By: Janice Baker, MBA, RD, CDE, CNSC, BC-ADM | April 1, 2021

Considering Weight Loss Surgery?

If you’re considering weight loss surgery, there are some important tips and tricks you need to keep in mind to ensure you remain healthy after the surgery.

 

Weight loss surgery is an option some may consider in the realm of therapies to manage diabetes and obesity. This surgery may significantly decrease the number of medications needed to control blood sugar, as well as blood cholesterol and blood pressure.

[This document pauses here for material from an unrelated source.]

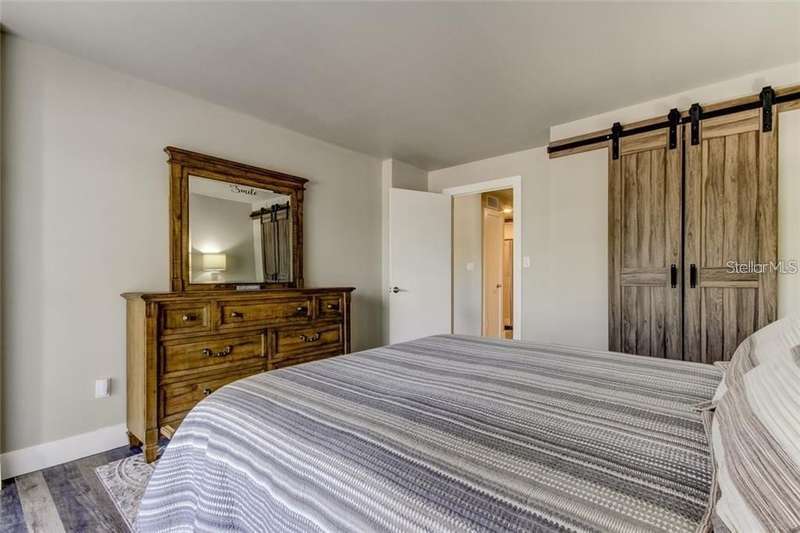 CONVENIENT FIRST FLOOR UNIT!! (Furnished) This nicely updated one bedroom one bathroom condominium has a beautiful modern design with all of the finest touches, to include, luxury vinyl plank flooring, barn doors, high-end GE appliances and a fire proof front door, this property is a must see! This unit has an open floor-plan, oversized balcony and is located within one of the most desirable, waterfront buildings in Island Estates. While spending time outdoors some of the amenities that can be enjoyed include: A marina, oversized heated pool and spa, tiki tables, tiki bar, his and her restroom facilities equipped with showers and sauna, shuffleboard court, tennis court and BBQ area. This property is also a short walk to the #1 beach in the US, the world famous Clearwater Aquarium, the best restaurants, banks, shopping, medical facilities and all that Clearwater Beach has to offer. (This requires a minimum of a 12 month lease) Call today for more information and a private showing! AVAILABLE IN MAY, 2025.

There are many aspects to consider, so being educated about the risks, benefits, commitments, and changes that go along with this decision is extremely important. If you’re considering weight loss surgery, attend educational seminars and speak with not only your physician and surgeon but also a registered dietitian/certified diabetes educator about how the surgery may impact your overall health and nutrition status.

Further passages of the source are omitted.